2014-08-07 17:17:26 ERR

[395] 53f45b9a-25e3-4084-b2e1-41019eaff6ae: mcollective upload_file agent error: 53f45b9a-25e3-4084-b2e1-41019eaff6ae: MCollective agents '14' didn't respond within the allotted time.

2014-08-07 17:17:26 ERR

[395] MCollective agents '14' didn't respond within the allotted time.
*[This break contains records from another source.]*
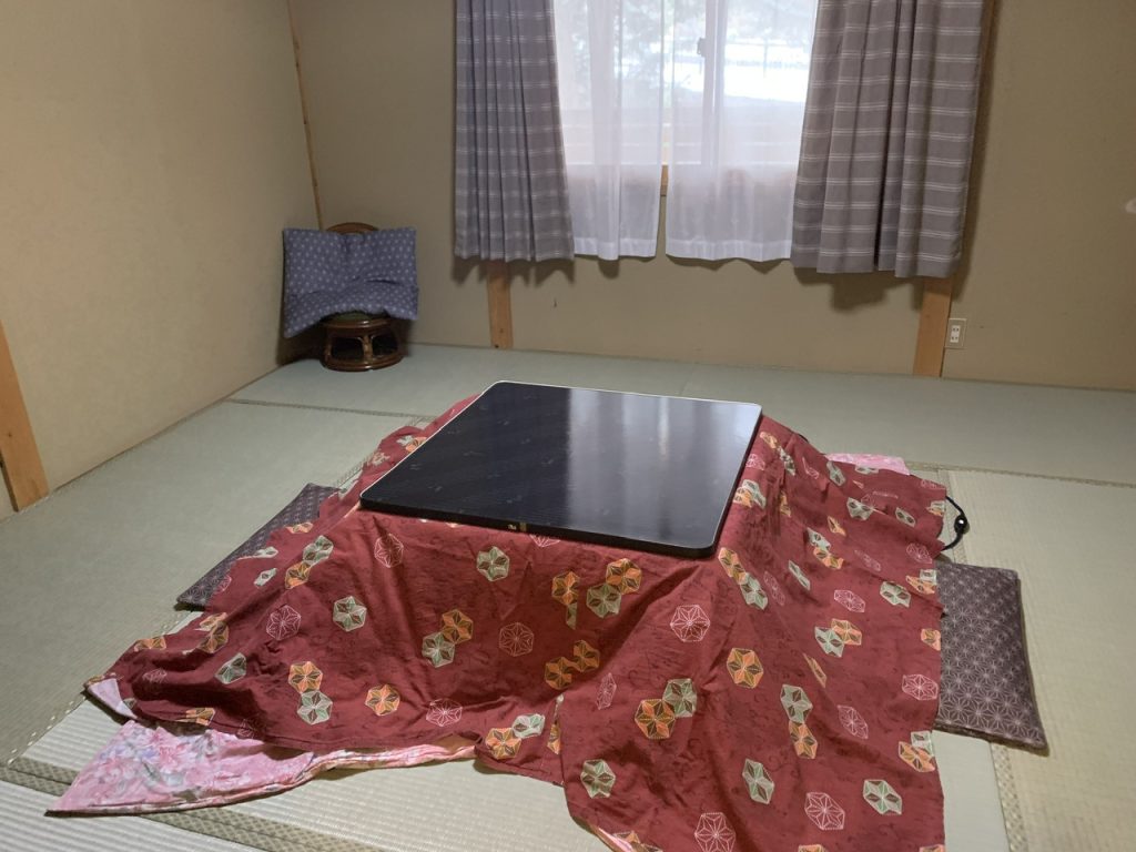 乗鞍高原の冬は寒いのでこたつでほっこりできてよいですね。
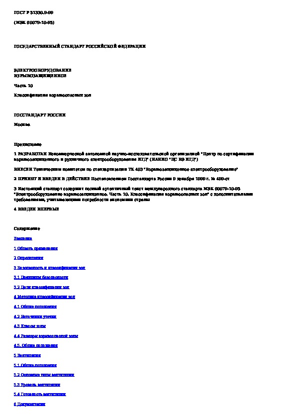 Наша цель состоит в том, чтобы предоставить вам быстрый доступ к содержанию документа Электрооборудование взрывозащищенное. Часть 10. Классификация взрывоопасных зон.
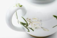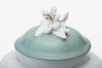 白百合の花言葉は「純潔、無垢」。何よりもこだわったのは、上品な「WHITE」です。上質な陶石を1350度の高温度で焼成する事により生まれる透けるような真白な磁器肌。幸せの大輪を咲かせたような優雅な白百合の花びらは、伝統的な技法によって特別に調合したいくつもの白い上絵具で描かれ、モダンなニュアンスをもつ柔らかな白のハーモニーが魅力です。愛らしいフリルのかたちにのせて優しい風に揺らぐ清楚な白百合の姿はまるでレリーフ。使う度に幸せに包まれるコレクションです。
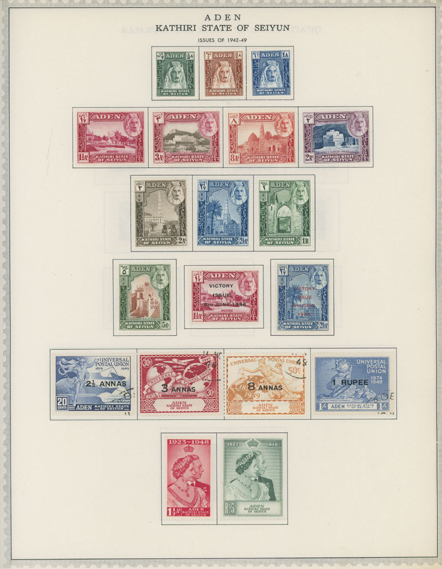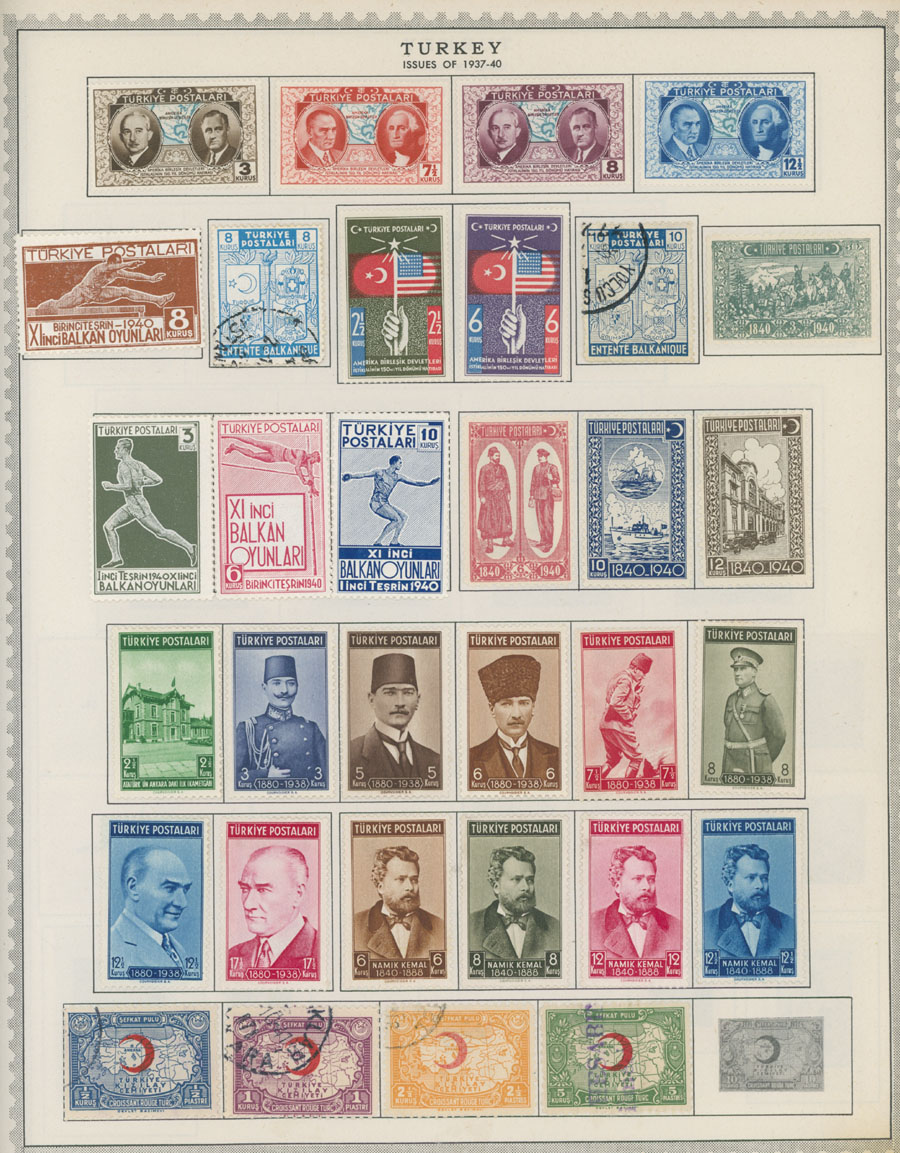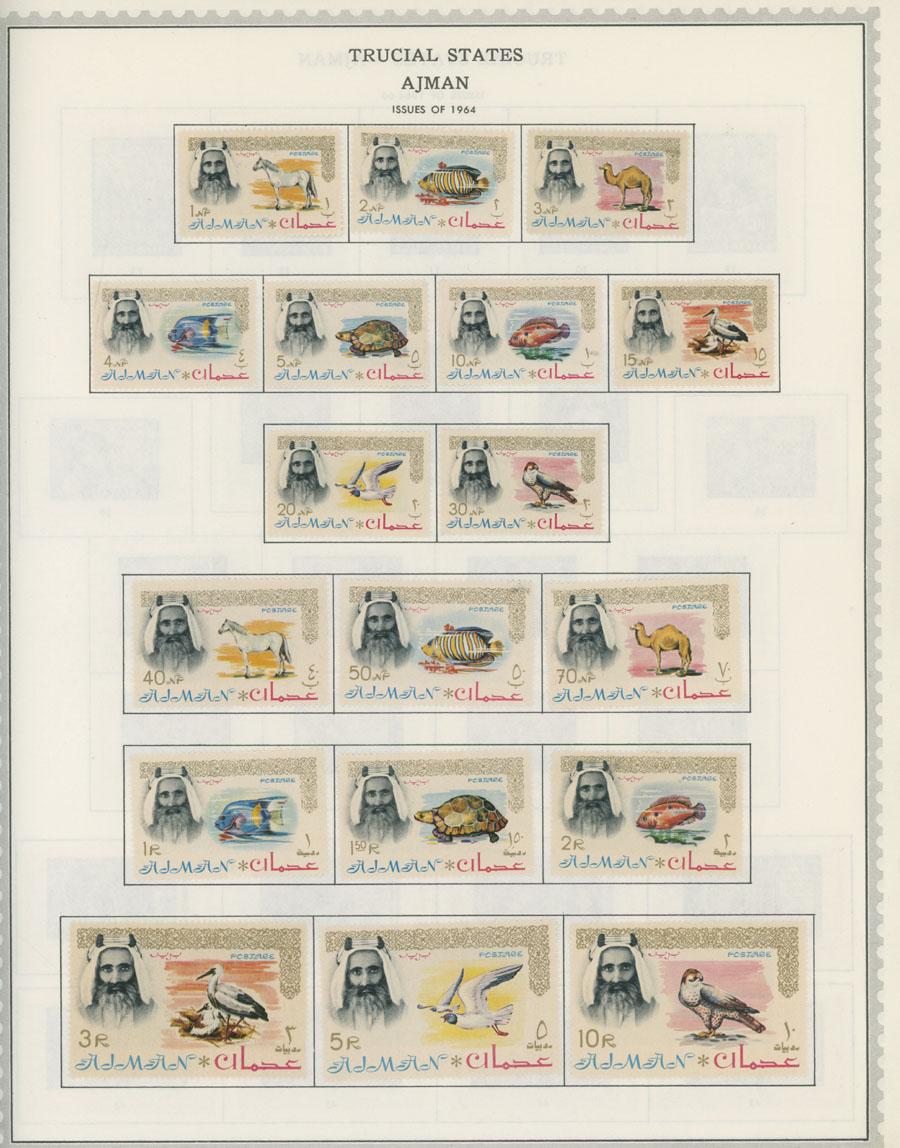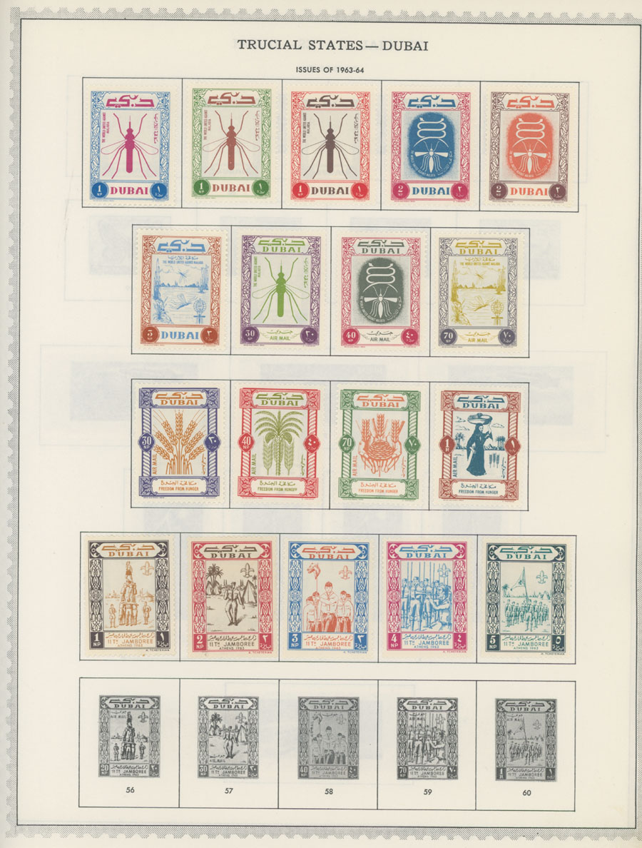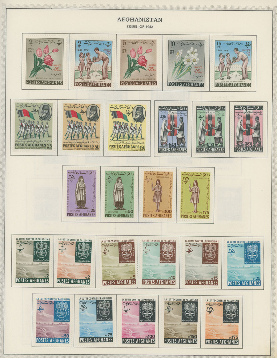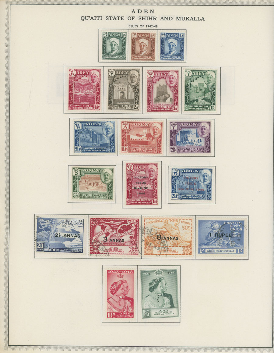 LARGE MIDDLE EAST COLLECTION ON ILLUSTRATED PAGES: 1865-2000, about 13,000 mint and used stamps and 180 souvenir sheets, representing issues of Aden and South Arabia (C.v. $550), Afghanistan (C.v. $900), Iran (C.v. $5,700), Iraq (C.v. $1,000), Palestine and Israel (C.v. $1,400), Jordan (C.v. $1,350), Pakistan (C.v. $1,000), Qatar (C.v. $3,000), Turkey (C.v. $4,000), United Arab Emirates with other Trucial States and Yemen (C.v. $1,000), many valuable items, occasional flaws possible, full/large part of OG or used (many CTO), F/VF, great lot for breaking up for individual country collections, total C.v. about $20,000, Est. $4,000-$5,000

Logs are here https://drive.google.com/a/mirantis.com/file/d/0B6SjzarTGFxaMlVZMnVkZmtuMzQ/edit?usp=sharing

Tags: ceph puppet
Revision history for this message
Vladimir Sharshov (vsharshov) wrote :

Wait bug repetition from Nastay. Potentially connected with https://bugs.launchpad.net/fuel/+bug/1353389 (possible common native of problem with Mcollective).

summary: - HA deployment with controllers+ceph has failed
+ [astute] HA deployment with controllers+ceph has failed
tags: added: astute mco
Changed in fuel:
status: New → Triaged
summary: - [astute] HA deployment with controllers+ceph has failed
+ [fuel] HA deployment with primary-controller+ceph+neutron has failed
tags: added: ceph puppet
removed: astute mco
Revision history for this message
Vladimir Sharshov (vsharshov) wrote :

After discovery HA:
* controller + neutron vlan -> success
* controller + ceph + simple network -> success
* controller + ceph + neutron vlan -> fail

Symptoms: node with roles: primary-controller and ceph, go offline in the middle of ceph deployment. After it node became unavailable via mco or ssh.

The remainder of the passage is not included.